Experience Charleston Classics at Revival

By:Libby Wiersema

Date:8/22/2018

“Study the past if you would define the future.”

This ancient ingot of Confucius wisdom gets modern expression at Revival, where dishes from Charleston’s culinary past are being redefined for generations of diners, old and new. Chef Forrest Parker, a South Carolina Chef Ambassador in 2016 and devoted student of local food history, shepherds his knowledge through time’s crawl space and emerges into the present with the bones of classic dishes intact, yet wearing a few nouveau embellishments. Reviving these classics while balancing nostalgic and contemporary touches is a tough gig, but Parker aims to be master of the challenge.
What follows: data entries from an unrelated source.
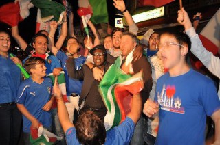 Lübeck Lupe Feierlaune nach Spiel Deutschland gegen Italien ungetrübt 29. Juni 2012 TBF “Zum Bilderbogen” Fotos: TBF/Holger Kröger – Trotz der Niederlage Deutschland gegen Italien (1:2) war die Freude ungetrübt und es wurde auf den Strassen Lübecks kräftig gefeiert.
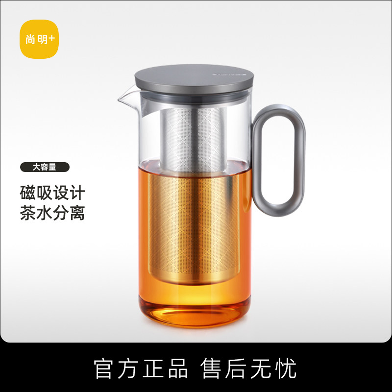 尚明玻璃茶壶家用过滤泡茶壶磁吸盖胆大容量水壶简约单壶茶具套装
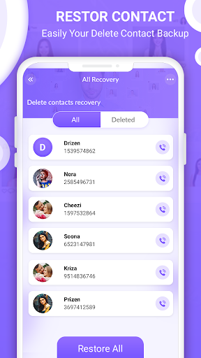 This All Recover - Restore Files app will solve your problem. It will fully scan your phone storage looking for deleted photos, videos, contacts and list them in an easy manner that will help you to restore them back to your phone storage. All Recover - Restore Files is the easiest way to recover deleted contacts and Recover all Photos and Videos from your phone without needing a computer or synchronization.
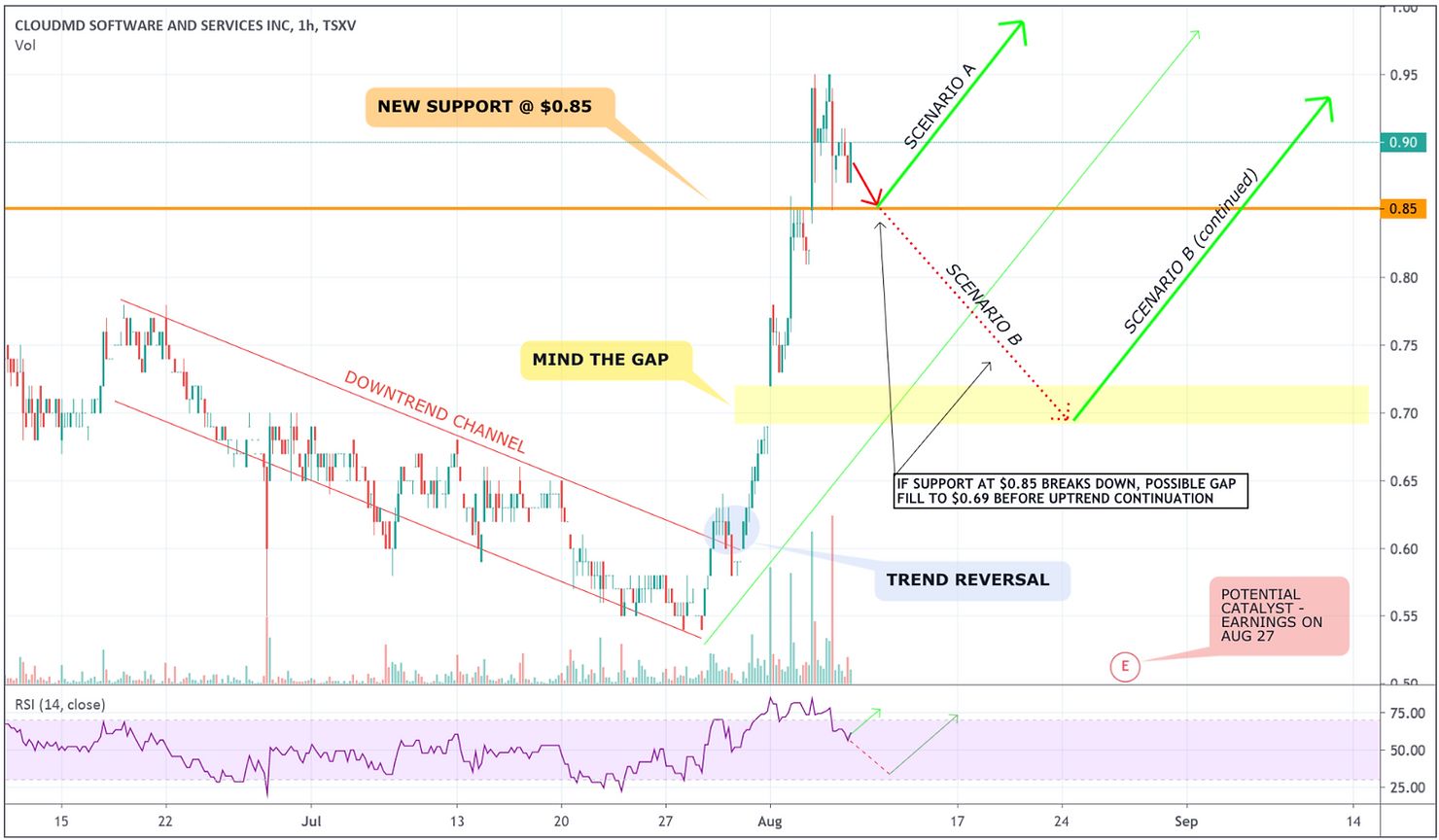 Now let’s take a look at the chart to see if we can try to predict where the stock might be headed next. Since we have a medium-term time horizon on CloudMD, we will use a 3-month chart.
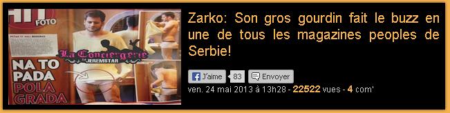 Pause news : "Zarko : Son gros gourdin fait le buzz en une de tous les magazines peoples de Serbie !"
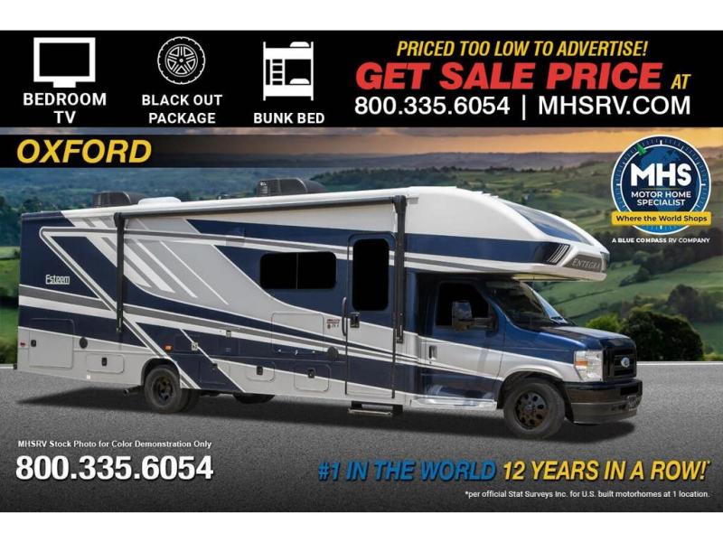 Make one of these Entegra Coach Esteem Class C gas motorhomes your own! The interior design includes solid-surface countertops that pair well with the many technological upgrades. The fully custom-molded ABS surround in the cab area features its signature panoramic window and power shade for a beautiful view while you drive and provide privacy at night. They also come with E-Z Drive Elite which has a computer-balanced driveshaft, Koni FSD shocks, Hellwig helper springs, and a heavy-duty rear stabilizer bar for a smooth ride. Automatic leveling jacks will make set-up a breeze and the electric awning with LED lights will create an outdoor living space where you can relax after unpacking. Inside, you'll enjoy hardwood cabinet doors and drawer fronts, blackout night roller shades, and high-intensity recessed LED ceiling lights to keep your space well lit. There is also a JBL audio system and a BMPRO total coach control system to easily manage your unit's functions!
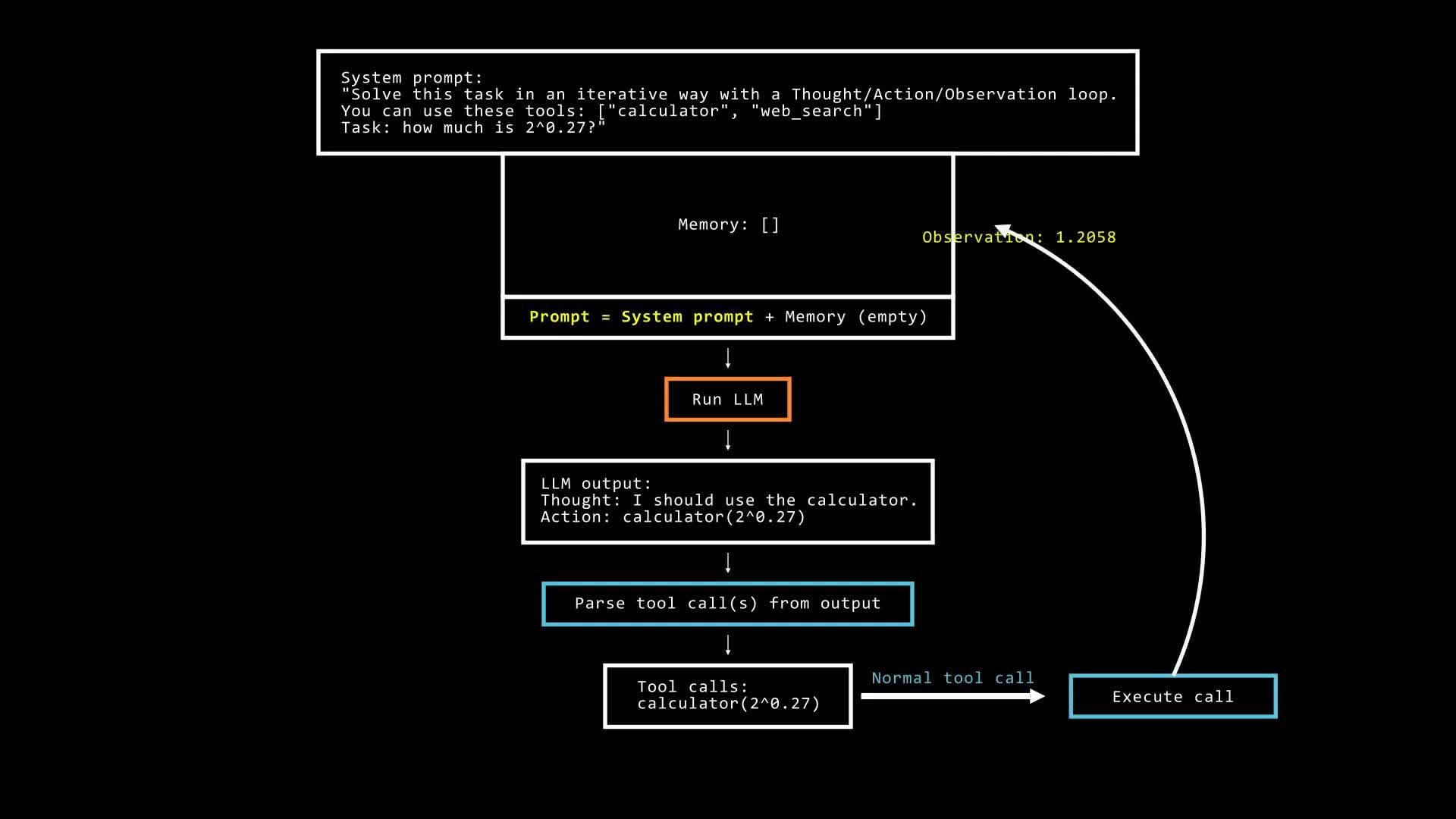 因此,这个系统在一个循环中运行,在每一步执行一个新的动作(这个动作可能涉及到调用一些预先确定的工具,这些工具只是函数),直到它的观察结果表明已经达到了一个令人满意的状态,以解决给定的任务。以下是多步代理如何解决一个简单的数学问题的例子:
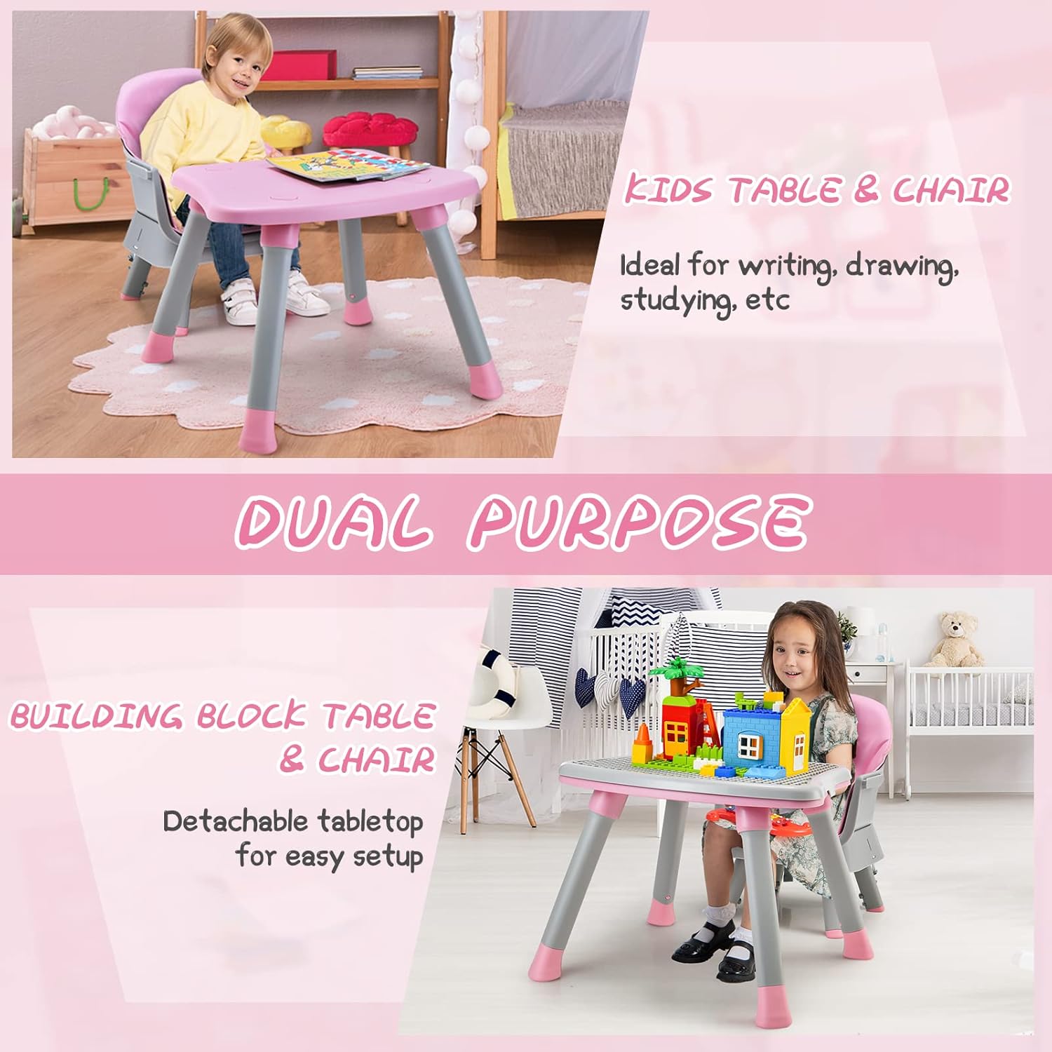 - Design unique: Les enfants peuvent écrire, dessiner ou lire sur le bureau avec chaise pour développer leur capacité d'apprentissage autonome. Pendant votre temps libre, vous pouvez également installer une table de construction (blocs non inclus) et jouer aux blocs avec vos enfants pour stimuler leur imagination et leur créativité.

Revival, which opened in June 2018 at the Vendue Inn, has a relaxed, yet refined vibe and a staff that has done its homework. Ask your server anything about an ingredient and you’ll get the full rundown on origin, uses and unique qualities. Parker and local farmers work together to bring heirloom foods like Jimmy Red Grits, Bradford Watermelons, the African Runner Peanut and Nostrale rice to the table. You can also get a bit of a history lesson on the dishes themselves.

For example, diners learn the She Crab Soup is based on the original recipe of William Deas, an African-American chef who worked in Charleston in the early 1900s. True to its roots, Parker’s version sinks lump crab into a silky cream broth that is lightly seasoned and stippled with sherry and glossy orange crab roe for a bit of tang.

A familiar Charleston rice dish is another classic honored with a place on Parker’s menu. His Lowcountry Pirlou is built on a foundation of one of South Carolina’s most heralded heritage foods: Carolina Gold Rice. Parker nudges the light sweetness of the rice toward nuttiness by cooking it, pancake-style, until it has a toasty bottom – a tender-crisp disc that holds up beneath a mound of fresh lobster, crab and shrimp.

Another offering that falls into the “local legend” food category is the Crumb Fried Seafood, in which flounder, shrimp and oysters hit the fryer dressed in the signature cracker-crumb coating of the former Edisto Motel. It’s a dish that tugs the brain-strings of locals and lures lovers of fresh fried seafood, too.

The cocktail menu hits all the right spots. If you require an antidote to the Charleston heat, try the Blushing Beauty – vodka, fresh watermelon, lemon, mint and Champagne – or the Revival Julep, spiked with the traditional mint and a surprise hint of peaches that deepens the Southern flavors of this regional classic.